4.2 Amendment: If Qantas does not approve any part of the Detailed Project
Plan, the Supplier must make any amendments Qantas reasonably requires.
4.3 Effect: The Detailed Project Plan will be incorporated into the Project
Plan when signed by each party.
5. Change Management
5.1 Change Request: Either party may request revisions (including deletions or
additions) to the Specifications, Schedules or any Project Plan by giving a
notice to the other party (`Change Request') specifying the proposed
changes.
5.2 Procedure: If a Change Request is issued under clause 5.1, the Supplier
must assess the change and submit a written `Change Proposal' to Qantas.

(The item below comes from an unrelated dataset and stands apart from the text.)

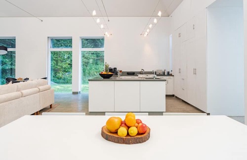 Designed by Warren Freyer of Freyer Collaborative, the house was sited towards the hill's peak to benefit from great light and cool breezes and, most importantly, provide an immersive experience with the birds and nature. Eagles are regular visitors! Located on 100 acres, guests can experience the ultimate Catskill living, with woods, a private waterfall, and stunning rugged terrain, before coming inside to enjoy many luxury features.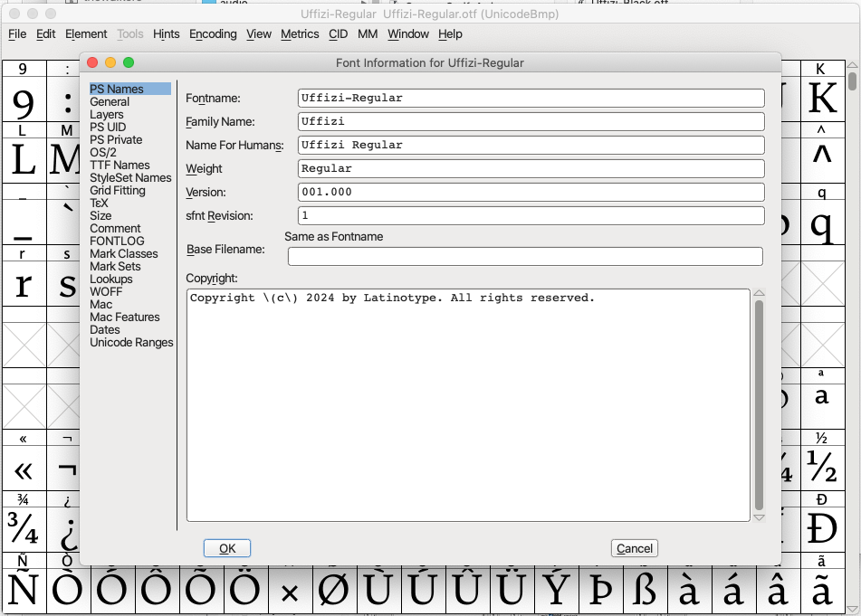 And here is the info for the Uffizi font. I think the issues are similar to the first font I posted, but I can't figure out if there is a specific name field/value that I need to change in FontForge to make it work properly.

The Change Proposal will be prepared in the 2 stages set out in this clause
5.
5.3 Stage 1: The Supplier must prepare a report showing the results of a
preliminary change investigation which indicates:
(a) whether the change is technically and financially feasible; and
(b) the estimated time and cost necessary to provide the details required
for stage 2.
5.4 Qantas' decision to Proceed: If the stage 1 investigation indicates that
preparing stage 2 of the Change Proposal will cost more than $3,000 then:
(a) the Supplier must notify Qantas of the indicated cost; and
(b) Qantas must notify the Supplier whether to prepare stage 2 of the
Change Proposal.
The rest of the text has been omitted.